### Material for the task
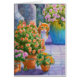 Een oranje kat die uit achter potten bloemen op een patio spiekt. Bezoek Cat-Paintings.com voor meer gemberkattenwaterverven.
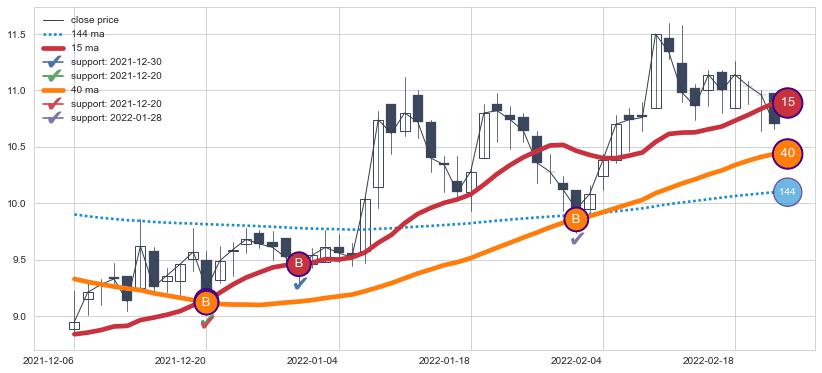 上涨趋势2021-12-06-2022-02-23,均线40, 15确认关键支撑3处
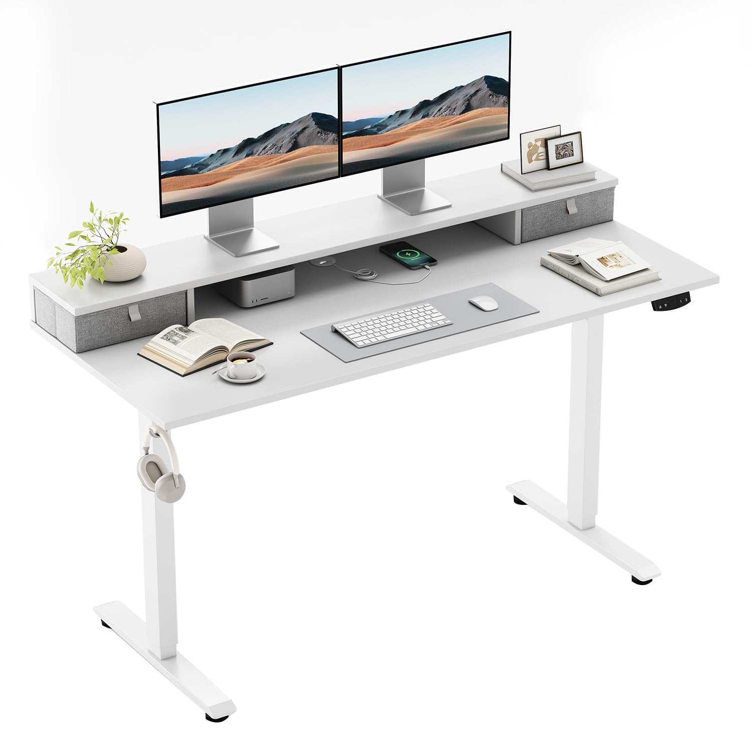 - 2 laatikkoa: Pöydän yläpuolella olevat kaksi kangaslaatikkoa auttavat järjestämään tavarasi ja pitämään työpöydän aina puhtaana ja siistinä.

---

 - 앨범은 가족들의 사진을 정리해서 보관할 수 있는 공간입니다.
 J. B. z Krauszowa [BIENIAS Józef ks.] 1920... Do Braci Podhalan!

### Problem to solve
Only one stretch of the entries above is wanted: the lines from the one containing "- 앨범은 가족들의 사진을 정리해서 보관할 수 있는 공간입니다." through the one containing "J. B. z Krauszowa". Please reproduce it exactly.

### Response to this task
 - 앨범은 가족들의 사진을 정리해서 보관할 수 있는 공간입니다.
 J. B. z Krauszowa [BIENIAS Józef ks.] 1920... Do Braci Podhalan!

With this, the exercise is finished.